Un altro aspetto terapeutico che ha consentito di eseguire interventi chirurgici sempre meno demolitivi è la radioterapia complementare (eseguita sul letto operatorio dopo l’intervento), in grado di ridurre significativamente il rischio di recidive locali. Anche le terapie mediche hanno subito profondi e proficui cambiamenti negli ultimi 50 anni, passando dalla chemioterapia standard a l’utilizzo di farmaci biologici, cosiddetti intelligenti perché in grado di riconoscere e colpire le cellule tumorali, e in grado di migliorare la sopravvivenza in tutti gli stadi di malattia. Infine, non meno importante è l’immunoterapia in combinazione con la chemioterapia, che può essere utile nel trattamento di alcuni tumori mammari in stadio avanzato, in particolare quelli definiti tripli negativi, particolarmente aggressivi e poco responsivi a molti dei trattamenti che abbiamo oggi a disposizione.

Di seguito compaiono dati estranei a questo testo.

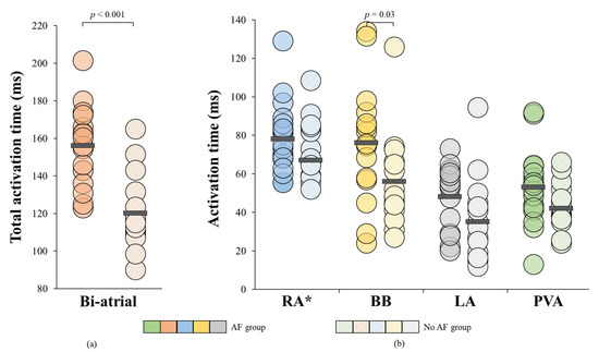 Figure 6 illustrates for each patient the TAT (a) and the TAT per region separately (b). AF was associated with a prolonged TAT (156 ± 21 ms vs. 120 ± 22 ms, p < 0.001) and TAT was particularly prolonged at BB (76 ± 31 ms vs. 58 ± 23 ms, p = 0.03).
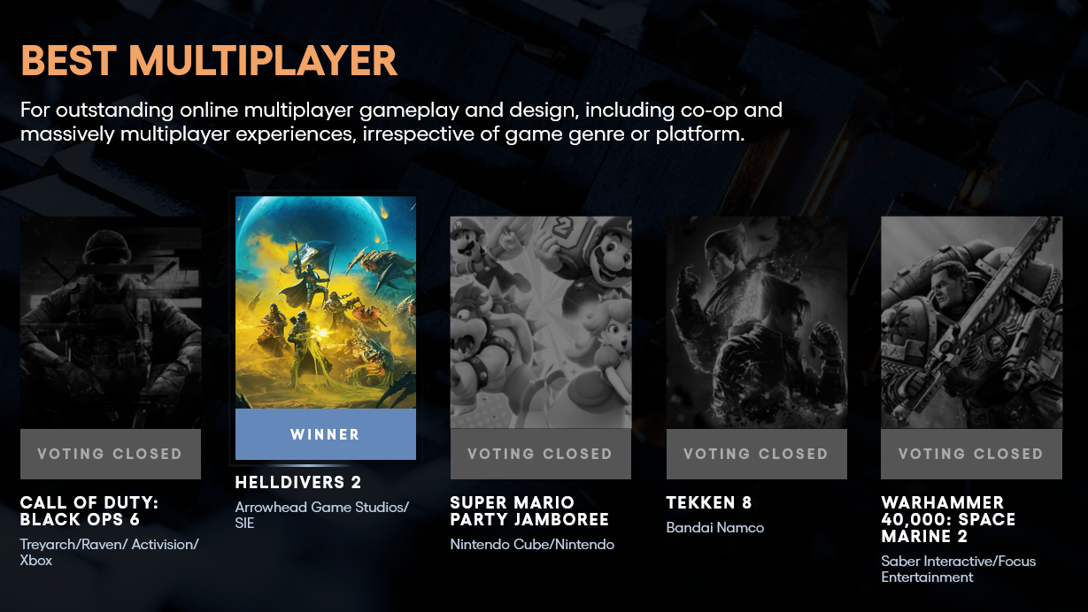 荣获了TGA 2024最佳多人游戏和最佳持续运营奖项(还获得了几项金摇杆奖)的多人合作射击游戏《绝地潜兵2》,算得上是2024年最出人意料的热门游戏之一。

Tutti questi traguardi raggiunti in campo senologico, soprattutto negli ultimi decenni, lo dobbiamo anche alla creazione delle cosiddette “Breast Unit”, strutture cliniche dedicate a 360° allo studio e alla cura del tumore mammario. All’interno di queste strutture interamente dedicate alla cura del tumore mammario ritroviamo moltissimi specialisti (chirurghi, radioterapisti, radiologi, oncologi, chirurghi plastici, anatomo patologi, genetisti, nutrizionisti, psicologi, etc…) che garantiscono un approccio clinico-diagnostico multidisciplinare e sempre più efficace nel trattare questa patologia. L’auspicio è – ha concluso Massimiliano Berretta – che continuando su questa strada si possa azzerare quel gap (13%) che oggi ci separa dal 100 per cento di guarigioni”.